Yes, and if the matching is at the end of the string, it knows there is
no presence because there are no more characters.

> And '\b' assertion must know next character.


Again, \b is defined to match at the end of the string if the last
character matches \w.

Both of these effects occur because the "partial" means "partial
matching", not "partial string".

> How can I check it right in multisegment string?


I do not know. PCRE was not designed to work with multisegment strings.

[Idea: if you get a match and the match ends at the end of your segment,
add the next segment and try again?]

> Say, please, what appliance to 'hard' option kepped in mind if it can not
> operate with multisegment strings?


"Hard" prefers a partial match to a later, complete match (as described
in the "pcrepartial" document. "Soft" prefers a later, complete match if
it can find one.

> I think when 'hard' option was borned, this lookahead assertions action
> does not have been taken in consideration. And the accordant correction
> will fix the problem.


I will not change current behaviour because there may be people who are
relying on it. Compatibility is important.

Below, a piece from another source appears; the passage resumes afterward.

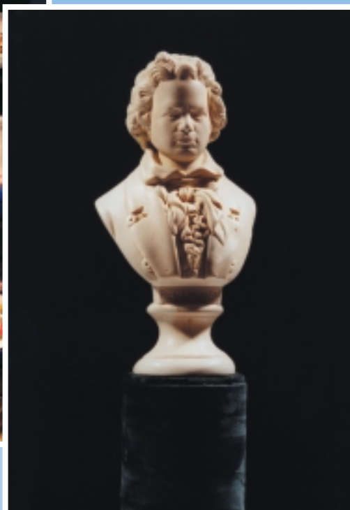
Protecting Single Items

In theory, perhaps, a new option could be added. However, I am now
retired (and getting old and more forgetful) and I do not think I will
have the desire, or the time, to add new features to PCRE, though I do
still mend bugs.

Presumably, the restrictions for pcre_dfa_exec() mean that you can't use
it? It is more straightforward to handle multisegment strings with
pcre_dfa_exec(), but it does behave in a very different way.

I am sorry that I have misunderstood you during this thread; I plead old
age.

Philip

--
Philip Hazel